EXTRACTED MATERIAL:
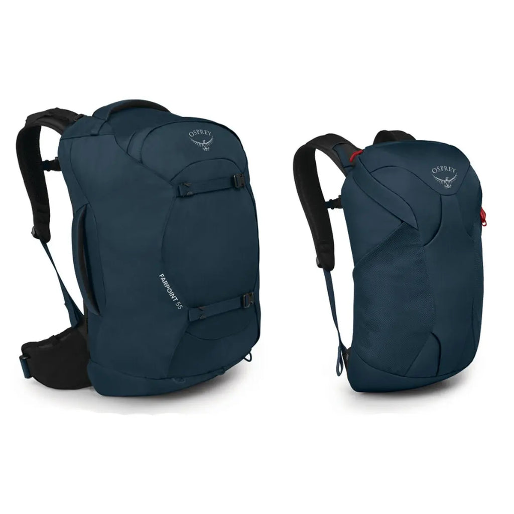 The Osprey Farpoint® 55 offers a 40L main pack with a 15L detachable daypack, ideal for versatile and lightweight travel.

...

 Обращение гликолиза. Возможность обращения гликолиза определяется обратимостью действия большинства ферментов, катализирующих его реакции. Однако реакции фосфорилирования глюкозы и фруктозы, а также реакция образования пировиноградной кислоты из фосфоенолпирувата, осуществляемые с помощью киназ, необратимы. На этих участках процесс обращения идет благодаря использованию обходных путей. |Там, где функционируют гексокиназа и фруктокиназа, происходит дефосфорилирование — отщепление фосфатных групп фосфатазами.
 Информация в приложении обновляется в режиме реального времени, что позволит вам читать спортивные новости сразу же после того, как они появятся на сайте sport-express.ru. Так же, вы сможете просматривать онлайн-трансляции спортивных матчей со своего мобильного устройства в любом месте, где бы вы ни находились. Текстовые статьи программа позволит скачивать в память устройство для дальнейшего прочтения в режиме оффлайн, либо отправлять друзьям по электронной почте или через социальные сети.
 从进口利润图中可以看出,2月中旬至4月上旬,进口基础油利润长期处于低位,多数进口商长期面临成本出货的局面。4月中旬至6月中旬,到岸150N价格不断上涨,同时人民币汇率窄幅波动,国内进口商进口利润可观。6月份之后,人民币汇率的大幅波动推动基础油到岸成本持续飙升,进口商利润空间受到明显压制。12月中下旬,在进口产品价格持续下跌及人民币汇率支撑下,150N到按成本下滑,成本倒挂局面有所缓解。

GOAL OF THE EXERCISE:
Copy out only the lines above from the one with "Информация в приложении" to the one with "从进口利润图中可以看出,2月", inclusive, exactly as they stand.

YOUR SOLUTION:
 Информация в приложении обновляется в режиме реального времени, что позволит вам читать спортивные новости сразу же после того, как они появятся на сайте sport-express.ru. Так же, вы сможете просматривать онлайн-трансляции спортивных матчей со своего мобильного устройства в любом месте, где бы вы ни находились. Текстовые статьи программа позволит скачивать в память устройство для дальнейшего прочтения в режиме оффлайн, либо отправлять друзьям по электронной почте или через социальные сети.
 从进口利润图中可以看出,2月中旬至4月上旬,进口基础油利润长期处于低位,多数进口商长期面临成本出货的局面。4月中旬至6月中旬,到岸150N价格不断上涨,同时人民币汇率窄幅波动,国内进口商进口利润可观。6月份之后,人民币汇率的大幅波动推动基础油到岸成本持续飙升,进口商利润空间受到明显压制。12月中下旬,在进口产品价格持续下跌及人民币汇率支撑下,150N到按成本下滑,成本倒挂局面有所缓解。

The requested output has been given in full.